杜新的身体一点点低下去,最后如同匍匐在了地上。
“皇上,杜新有罪,杜新罪该万死!”杜新一开口便带了哭腔和悔恨。
“你若是可以说出实情,便是重新对皇上尽忠对国家尽责。”叶云痕的这句话成功撬开了杜新的嘴。
毕竟相处了这么多年的时间,他对杜新还是有一定的了解,其实杜新的本性不坏,只是先遇到了宁成,若是先遇到他,或许一切就不一样了。
“皇上,丞相对罪民有恩,罪民一心还恩,殊不知犯下了这样的过错,罪民死不足惜,幸好没有对夜澜国造成伤害!”
杜新一开始打算死都不开口,无论用什么样的酷刑都不会开口,他是个忠心的人,他要还恩。

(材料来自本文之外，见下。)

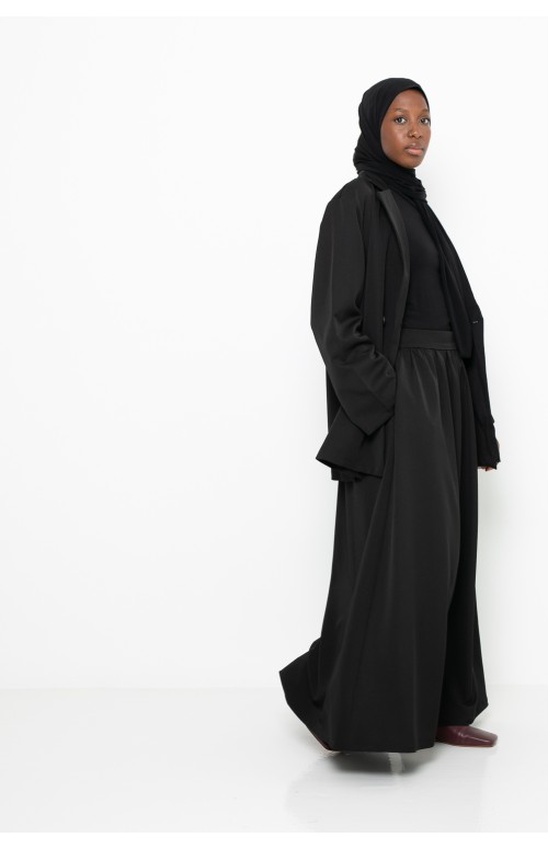 Entdecken Sie einen hochwertigen, fließenden und eleganten Rock aus dem gleichen hochwertigen Stoff wie das Blazer-Set. Sein Trapezschnitt und der raffinierte Fall machen ihn zu einem modernen, schicken und zeitlosen Kleidungsstück, das Ihre Outfits zu allen Gelegenheiten begleitet.
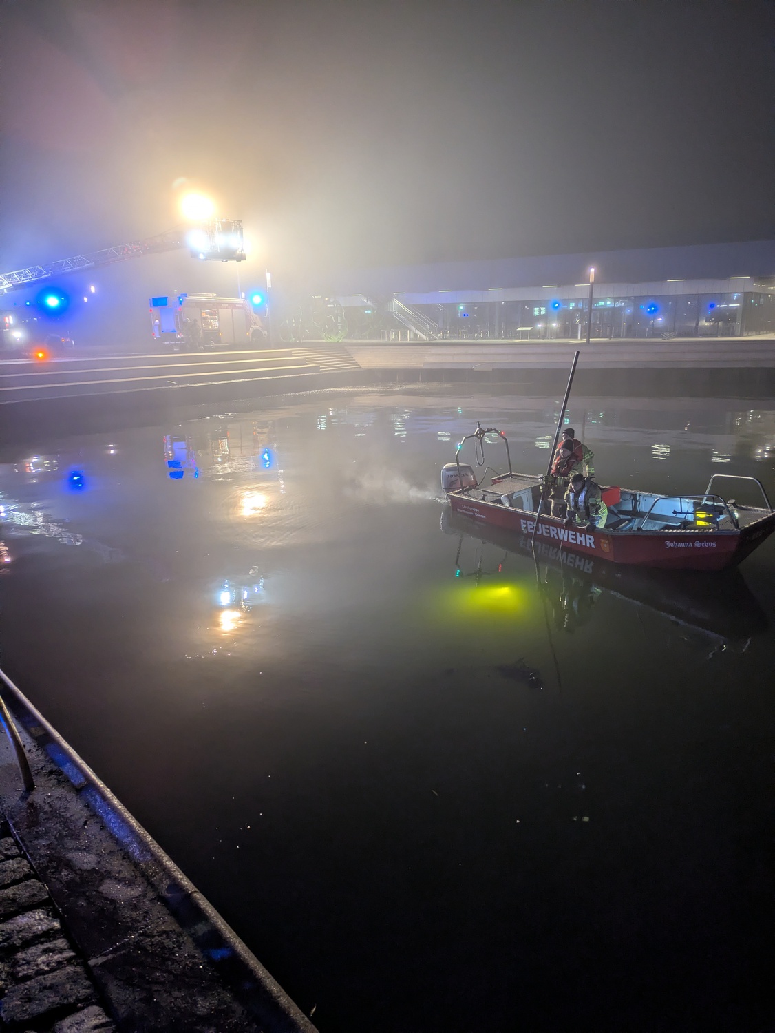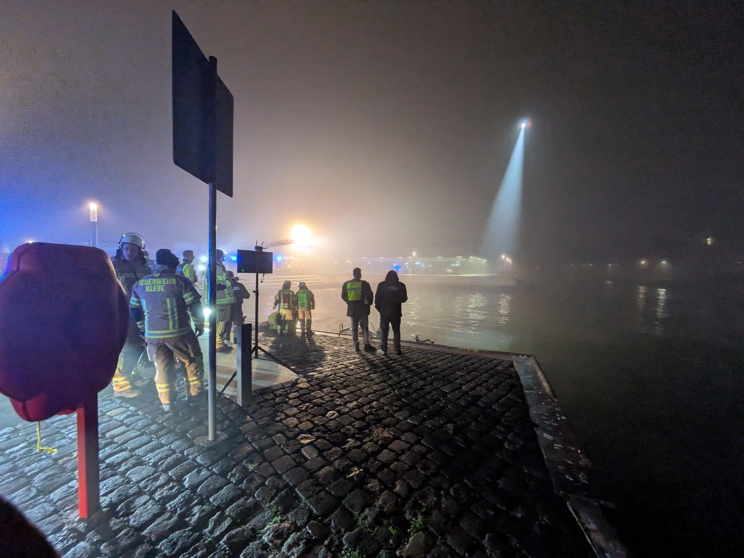 In der Nacht zu Sonntag (14. Dezember 2025) wurde die Feuerwehr Kleve gegen 0:06 Uhr zum alten Hafenbecken am Spoykanal an der Hochschule alarmiert. Dort waren ein Fahrrad sowie weitere Gegenstände unmittelbar an der Kante des Hafenbeckens aufgefunden worden, die darauf hindeuteten, dass eine Person ins Wasser gefallen sein könnte.

可叶云痕的话没有错,他要还恩可以,只是不能将夜澜国的安危置之不理,幸好一切都没有铸成大错,否则会有无数的人像他一样无家可归,他死了也无法面对父母的在天之灵。
“你的意思是说这一切都是宁成指使你的?”皇帝问。
“回皇上,是的,丞相安排罪民潜伏在王爷的身边,平日里不需要有什么行动,只要听王爷的吩咐得到王爷的信任便可,等到他有需要的时候我再出手。”
皇帝显得极为的气愤,立即传唤宁成。
一身囚服的宁成被押到了大殿之上。
半个多月的时间让宁成老了许多,长了很多白头发,显得很是狼狈。
“罪臣叩见皇上,吾皇万岁!”宁成给皇帝行了大礼。
“宁成,你来看看这个人,你可认识?”
宁成转头看向跪在旁边的杜新微微一愣,随即摇头,“罪臣不认识!”
“你不认识他没关系,他认识你!”叶云痕冷笑一声,他看向皇帝,“皇上,这些是关于宁成的罪证,您请过目,他为官二十载,两朝元老,竟然做下如此多的伤天害理之事,国法难容!”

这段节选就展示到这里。